4. Adanya krepitus (teraba adanya derik tulang) diakibatkan karena gesekan
antara fragmen satu dengan fragmen yang lainnya.
5. Terjadi ekimosis atau perdarahan subkutan diakibatkan kerusakan pembuluh
darah sehingga darah merembes dibawah kulit sekitar area kulit.
6. Terjadi pembengkakan dan perubahan warna pada kulit diakibatkan karena
terjadi ekstravasasi darah dan cairan jaringan di sekitar area fraktur.
F. Komplikasi
Komplikasi yang terjadi pada fraktur tibia adalah :
1. Komplikasi awal ;
Compartemant Syndrome :Komplikasi ini sangat berbahaya karena dapat
menyebabkan gangguan vaskularisasi ektermitas bawah yang dapat mengancam
kelangsungan hidup ektermitas bawah. Mekasnisme terjadi fraktur tibia terjadi
perdarahan intra – compartment, hal ini akan menyebabkan tekanan
intrakompartemen meninggi, menyebabkan aliran balik balik darah vena
terganggu. Hal ini akan menyebabkan oedema. Dengan adanya oedema tekanan
intrakompartemen makin meninggi sampai akhirnya sedemikian tinggi sehingga
menyumbat arteri di intrakompartemen.Gejalanya rasa sakit pada ektermitas
bawah dan ditemukan paraesthesia, rasa sakit akan bertambah bila jari digerakan
secara pasif. Kalau hal ini berlangsung cukup lama dapat terjadi paralyse pada
otot-otot ekstensor hallusis longus, ekstensor digitorum longus dan tibial anterior.
2. Komplikasi dalam waktu lama :
a. Malunion: Dalam suatu keadaan dimana tulang yang patah telah sembuh
dalam posisi yang tidak seharusnya. Malunion merupakan penyembuhan
tulang ditandai dengan meningkatnya tingkat kekuatan dan perubahan
bentuk (deformitas).
b. Delayed Union :adalah proses penyembuhan yang terus berjalan dengan
kecepatan yang lebih lambat dari keadaan normal. Delayed union
merupakankegagalan fraktur berkonsolidasi sesuai dengan waktu yang
dibutuhkan tulang untuk menyambung.
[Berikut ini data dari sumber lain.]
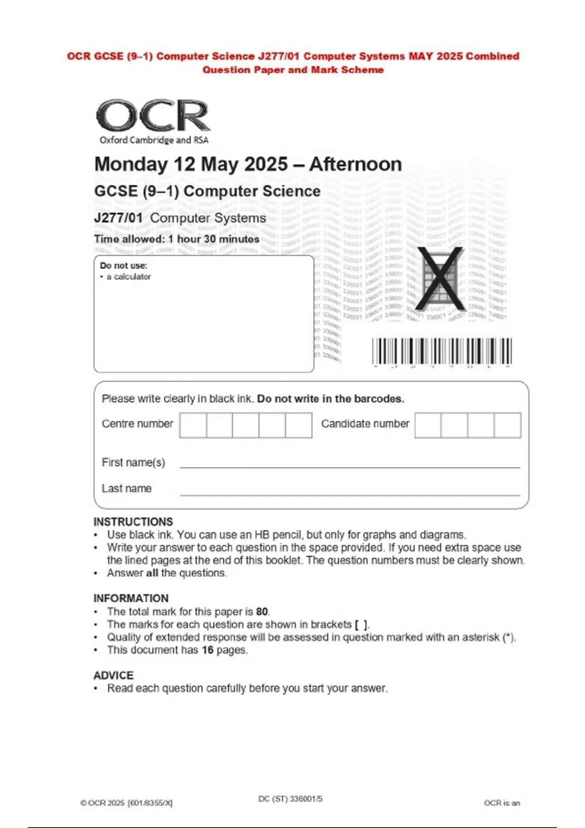OCR GCSE (9–1) Computer Science J277/01 Computer Systems MAY 2025 Combined Question Paper and Mark Scheme
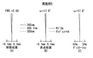 また、この結像レンズは、互いの分散の差が0.0055よりも小さな2種以上のレンズ材料により構成されている。このようなレンズ材料は、300nm以上800nm以下の波長を有する光に対して、10mmの厚みで50%以上の透過率を示す結晶であることが好ましく、例えば蛍石(CaF2)および石英(SiO2)である。本実施の形態の第1〜第3の構成例では、いずれも、例えば後群REのレンズL21,L23,L25,L26が蛍石(CaF2)により構成され、それ以外のレンズは全て石英(SiO2)により構成されている。 The imaging lens is composed of two or more kinds of lens materials whose difference in dispersion is smaller than 0.0055. Such a lens material is preferably a crystal having a transmittance of 50% or more at a thickness of 10 mm with respect to light having a wavelength of 300 nm or more and 800 nm or less, for example, fluorite (CaF 2 ) and quartz (SiO 2 ). 2 ). In the first to third configuration examples of the present embodiment, for example, the lenses L21, L23, L25, and L26 of the rear group RE are made of fluorite (CaF 2 ), and all other lenses are made of quartz ( SiO 2 ).
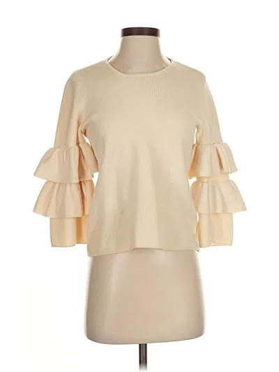J. McLaughlin Wool Pullover Sweater, Size: Small. Item Details: Tan, Ruffles Neckline, 3/4 Sleeve, Women's Sweaters & Sweatshirts, 100% Wool
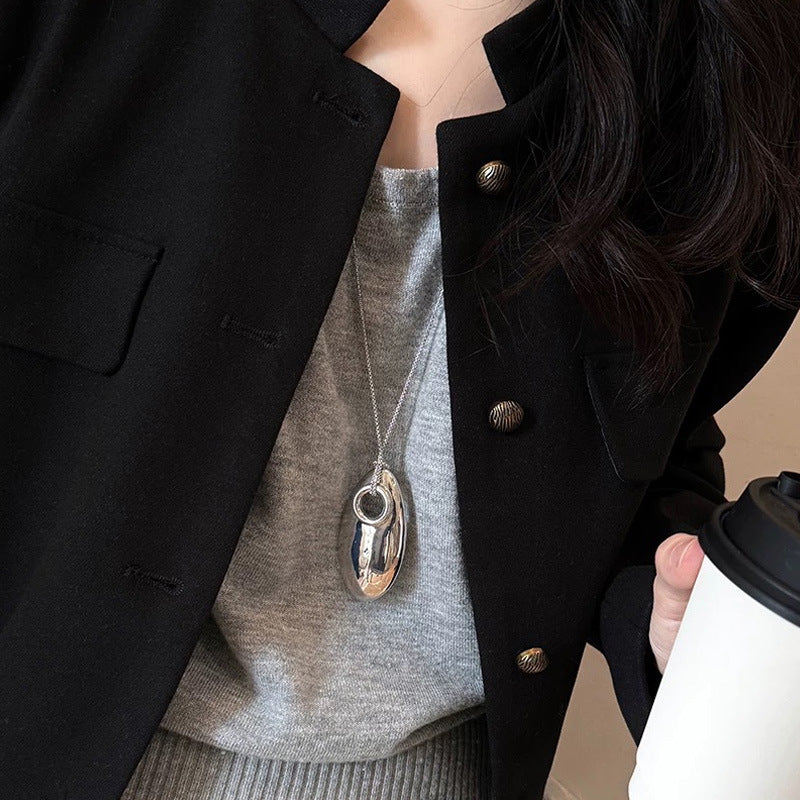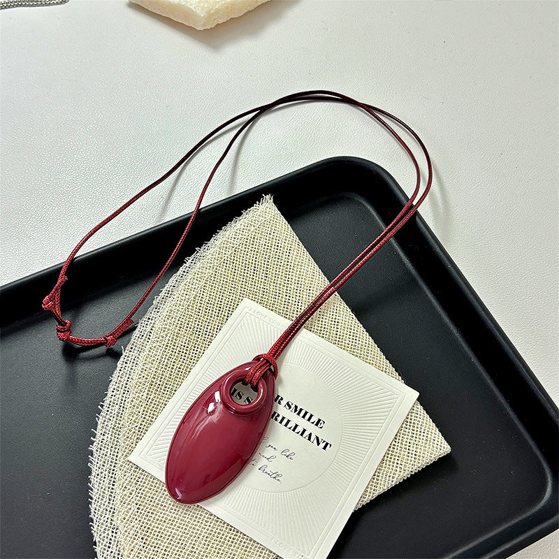 Color: Silver Silver Necklace, Silver Black Rope, Wine Red
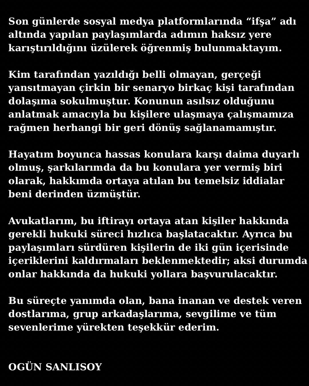 Ünlü rock müzisyeni Ogün Sanlısoy, adının son günlerde sosyal medyada yayılan "ifşa" iddialarına karıştırılması üzerine sessizliğini bozdu. Sanlısoy, avukatları aracılığıyla hukuki yollara başvuracaklarını duyurduğu bir açıklama yayınlayarak, gerçeği yansıtmayan bu çirkin senaryonun kendisini derinden üzdüğünü belirtti.
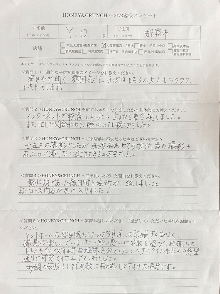 大阪で七五三の子供写真館撮影スタジオならハニーアンドクランチHOME > アンケート(口コミ・評判情報) > Y•O様口コミ評判/那覇市より子ども写真撮影/10323連番
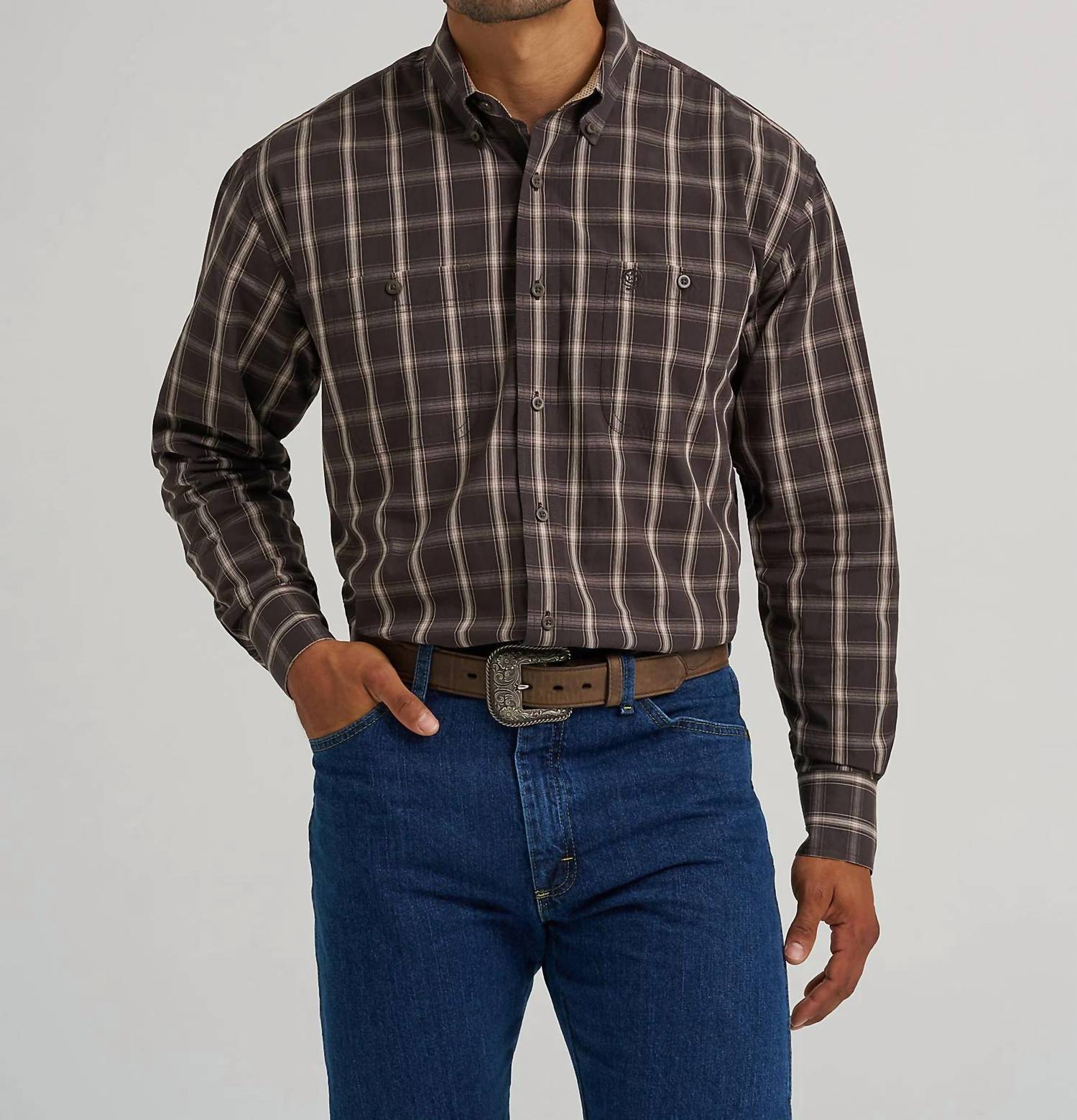 For a refined touch in your casual wardrobe, consider the Wrangler George Straitâ„¢ Two-Pocket Button-Down Shirt in classy brown plaid. This long-sleeve shirt, tailored from a comfortable 98% cotton and 2% spandex blend, ensures a relaxed fit with its straight back yoke and adjustable two-button cuffs. Its practical design includes two button-through pockets and a curved hem, making it ideal for travel or a laid-back western look. With a button closure and a collar neckline, this shirt offers both style and functionality for any occasion.

Ini disebabkan karena penurunan
suplai darah ke tulang.
Non Union :merupakan kegagalan fraktur berkonsolidasi dan
memproduksi sambungan yang lengkap, kuat, dan stabil setelah 6-9 bulan.
Nonunion di tandai dengan adanya pergerakan yang berlebih pada sisi
fraktur yang membentuk sendi palsu atau pseuardoarthrosis. Ini juga
disebabkan karena aliran darah yang kurang

.
G. Pemeriksaan Penunjang
1. Pemeriksaan Rongent
Untuk menetukan lokasi atau luasnya fraktur.
2. CT Scan tulang, fomogram MRI
Untuk melihat dengan jelas daerah yang mengalami kerusakan.
3. Pemeriksaan Laboratorium
1. Hb (Hemoglobin) mungkin meningkat (Hemokonsentrasi) atau juga
dapat menurun (perdarahan)
2. Leukosit meningkat sebagai respon stress normal setelah trauma
3. Kreatinin, trauma meningkatkan beban kreatinin untuk klien ginjal
4. Arteriogram, dilakukan bila kerusakan vaskuler dicurigai

H. Penatalaksanaan Fraktur Tibia


1. Tindakan umum fraktur tibia yaitu:
a. Reposisi
Setiap pergeseran atau angulasi pada ujung patahan harus direposisi
dengan hati-hati melalui tindakan manipulasi yang biasanya dengan
anestesi umum.
b. Imobilisasi
Untuk memungkinkan kesembuhan fragmen yang diperlukan:
1). Fiksasi Interna
Ujung patahan tulang disatukan dan difiksasi pada operasi
misalnya : dengan sekrup, paku, plat logam.
2). Fiksasi eksterna
Fraktur diimobilisasi menggunakan bidai luas dan traksi.
c. Fisioterapi dan mobilisasi
Untuk memperbaiki otot yang dapat mengecil secara cepat jika tidak
dipakai.
d. Penatalaksanaan medis dengan ORIF
ORIF atau Open Reduction Internal Fixation adalah reduksi terbuka
dari fiksasi internal di mana dilakukan insisi pada tempat yang
mengalami fraktur.  Kemudian direposisi untuk mendapatkan posisi
yang normal dan setelah direduksi, fragmen-fragmen tulang
dipertahankan dengan alat orthopedik berupa pen, sekrup dan plat
(Price,1996:374).
2. Penatalaksanaan keperawatan
Tindakan pada fraktur terbuka harus dilakukan secepat mungkin:
a. Berikan toksin anti tetanus
b. Berikan antibiotik untuk kuman gram positif dan negatif.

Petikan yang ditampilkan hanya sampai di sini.